15  Automated Drawing Reports

You’ve got the layer summary, the attribute data, the charts. Now let’s wrap it all into a polished, reproducible report that regenerates automatically whenever a new DWG lands in the bucket. This chapter combines gt (Iannone et al. 2024) tables with Quarto’s parameterised rendering to produce professional HTML reports with one function call.

15.1 A gt Summary Table

gt turns a data frame into a presentation-ready table in a few chained calls. The layer_summary from Layer Structure Analysis is a natural fit:

library(gt)

layer_summary |>
  gt() |>
  tab_header(
    title    = "Drawing Layer Summary",
    subtitle = "aerial.dwg — AutoDeskR extraction"
  ) |>
  cols_label(
    layer      = "Layer",
    n_objects  = "Objects",
    total_area = "Total Area",
    mean_area  = "Mean Area"
  ) |>
  fmt_number(columns = c(total_area, mean_area), decimals = 1) |>
  tab_style(
    style     = cell_fill(color = "#EBF3FB"),
    locations = cells_column_labels()
  ) |>
  tab_source_note(
    source_note = paste("Extracted", Sys.Date(), "via AutoDeskR v0.4.0")
  ) |>
  tab_options(table.font.size = "small")

15.2 Parameterised Reports

A parameterised Quarto document accepts different inputs at render time, making it reusable for any DWG without editing the source file. Add a params block to the YAML:

---
title: "Drawing Report"
format: html
params:
  urn: "YOUR_URN_HERE"
  drawing_name: "aerial.dwg"
---

Access the parameters inside the document:

urn          <- params$urn
drawing_name <- params$drawing_name

Use drawing_name in headings so each rendered report is self-labelled:

cat("## Layer Summary:", drawing_name, "\n")

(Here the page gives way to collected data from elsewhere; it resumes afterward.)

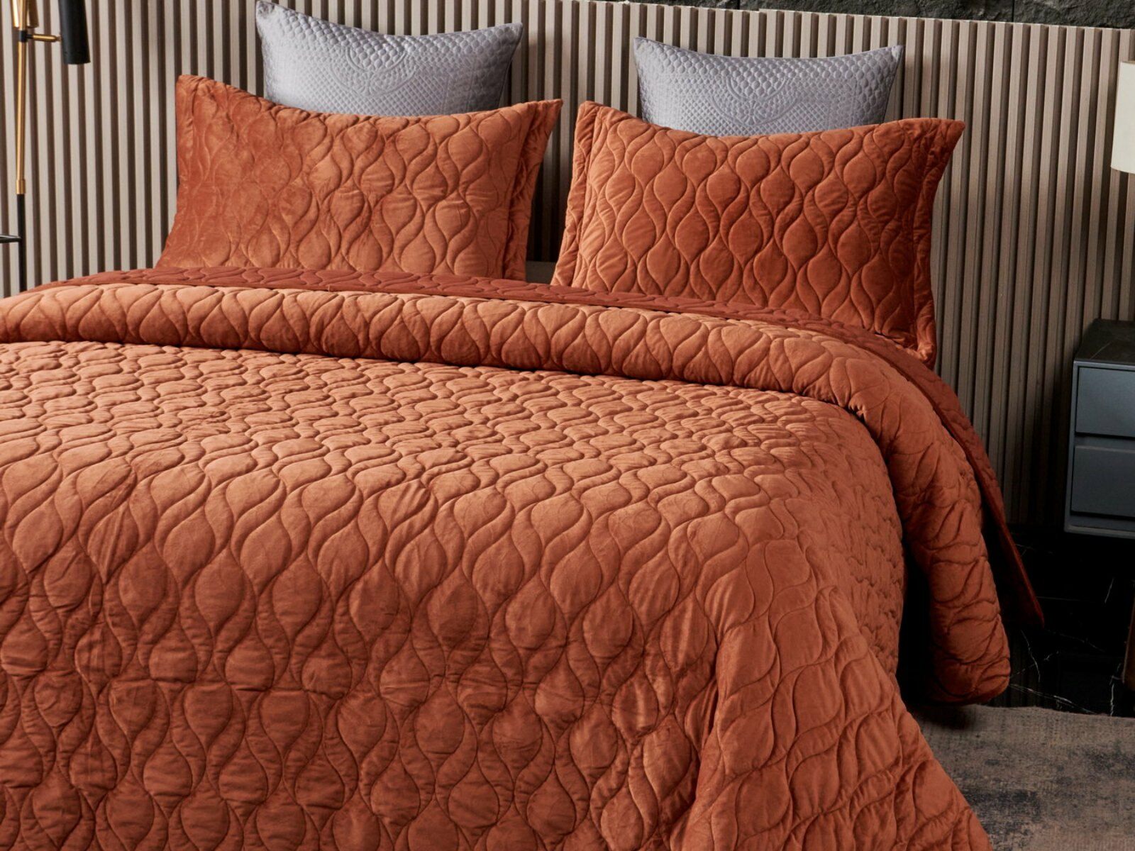 Покрывала представлены в 8 оттенках: пепельная роза, серый, крем, светлый беж, малахит, шоколадный, медный, антрацит
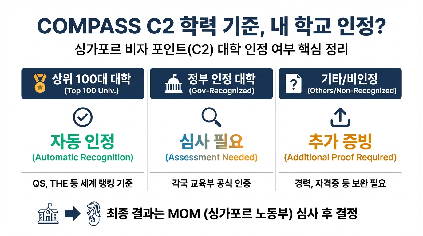 단순히 '좋은 대학'의 기준이 아니라, 싱가포르 정부가 점수를 주는 기준은 꽤 명확합니다. 오늘은 한국인 지원자들이 가장 궁금해하는 C2 학력 항목을 파헤쳐 볼게요.
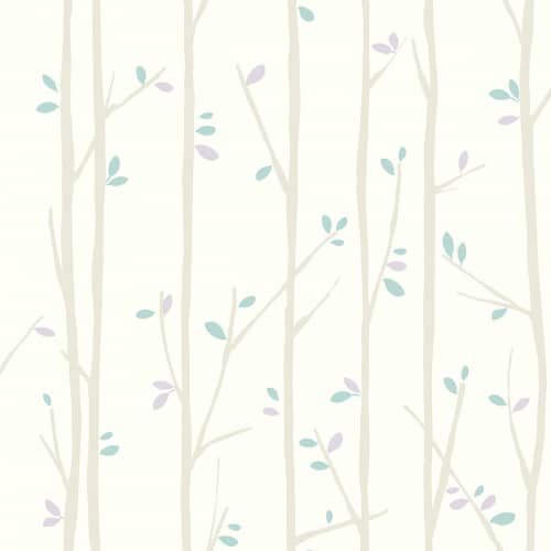 Tapeta do pokoju dziecięcego w delikatny wzór drzew.
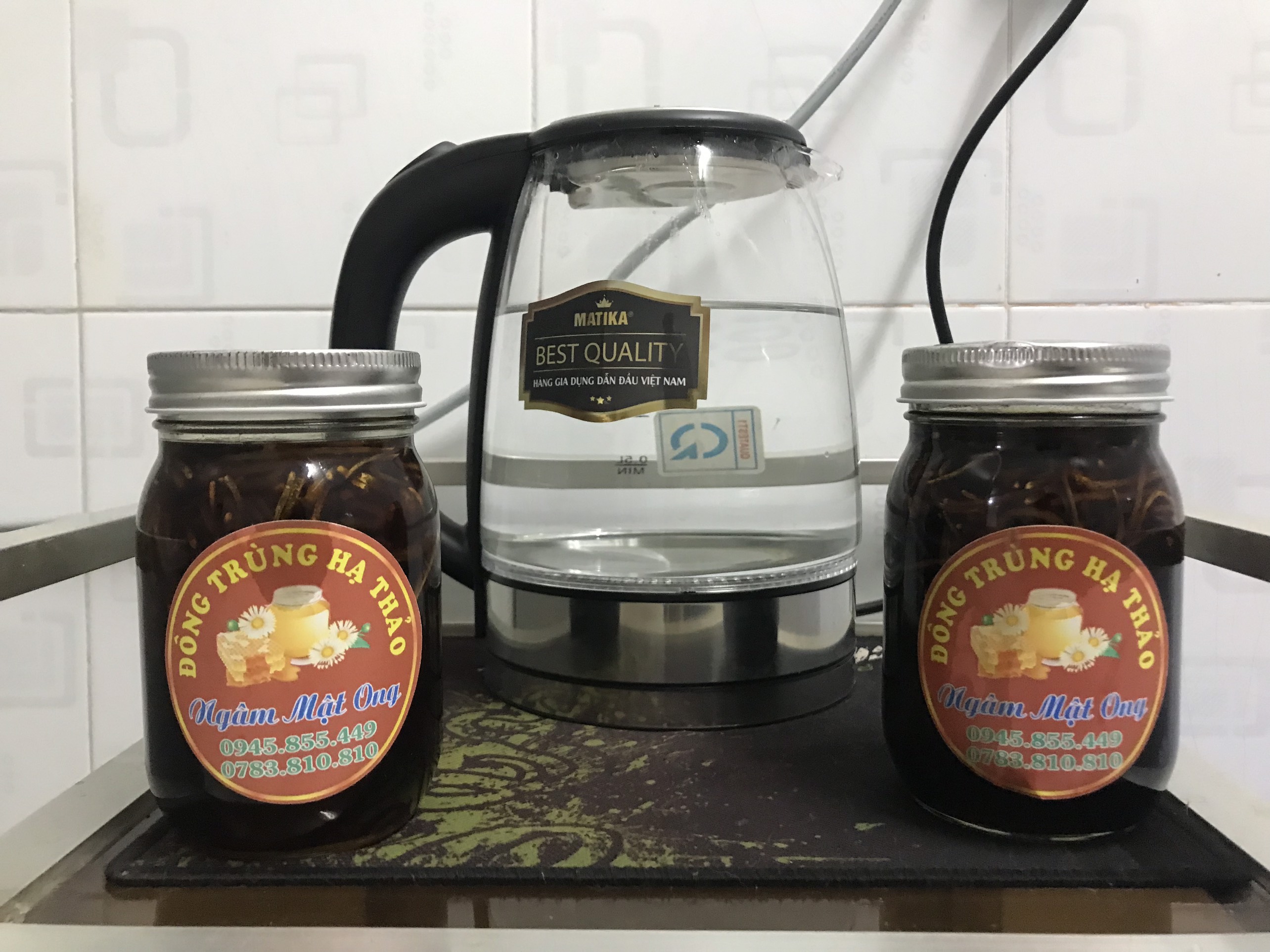 - Thành phần: Mật ong khoái, mật ong ruồi và 1 phôi đông trùng hạ thảo

15.3 Render Programmatically

quarto::quarto_render() renders the parameterised template to a named output file. The template should be a separate .qmd file (e.g., report-template.qmd) that contains the YAML params block and the analysis code — not this book chapter. Save the parameterised document as report-template.qmd, then loop over your drawing list:

library(AutoDeskR)
library(quarto)

# Build a named list of URNs from the objects in your bucket
resp  <- listObjects(token = myToken, bucket = "my-project-bucket")
items <- resp$content$items   # data frame: objectKey, objectId, size

urns <- setNames(items$objectId, items$objectKey)
# urns[["site_plan.dwg"]]      → "urn:adsk.objects:os.object:..."
# urns[["floor_plan_v2.dwg"]]  → "urn:adsk.objects:os.object:..."

drawings <- list(
  list(urn = urns[["site_plan.dwg"]],     name = "site_plan"),
  list(urn = urns[["floor_plan_v2.dwg"]], name = "floor_plan_v2")
)

for (dwg in drawings) {
  quarto_render(
    input          = "report-template.qmd",   # the template, not this chapter
    output_file    = paste0("report_", dwg$name, ".html"),
    execute_params = list(
      urn          = dwg$urn,
      drawing_name = paste0(dwg$name, ".dwg")
    )
  )
  cat("Generated: report_", dwg$name, ".html\n", sep = "")
}
#> Generated: report_site_plan.html
#> Generated: report_floor_plan_v2.html

15.4 Scheduling Reports

Keep reports fresh automatically by triggering quarto_render() on a schedule.

GitHub Actions — run on a cron or whenever DWGs are pushed:

# .github/workflows/drawing-report.yml
on:
  schedule:
    - cron: "0 6 * * 1"   # every Monday at 06:00 UTC
  push:
    paths: ["dwg-files/**"]

jobs:
  render:
    runs-on: ubuntu-latest
    steps:
      - uses: actions/checkout@v4
      - uses: r-lib/actions/setup-r@v2
      - run: Rscript -e 'quarto::quarto_render("drawing-reports.qmd")'

cronR (local) — schedule from a local R session:

library(cronR)
cmd <- cron_rscript("render_reports.R")
cron_add(command     = cmd,
         frequency   = "weekly",
         at          = "06:00",
         id          = "drawing_report",
         description = "Weekly DWG report")
Tip

Store credentials (client_id, client_secret, bucket name) as GitHub Actions secrets or in ~/.Renviron on the local machine. Never hardcode them in the report source file. Your future self will thank you.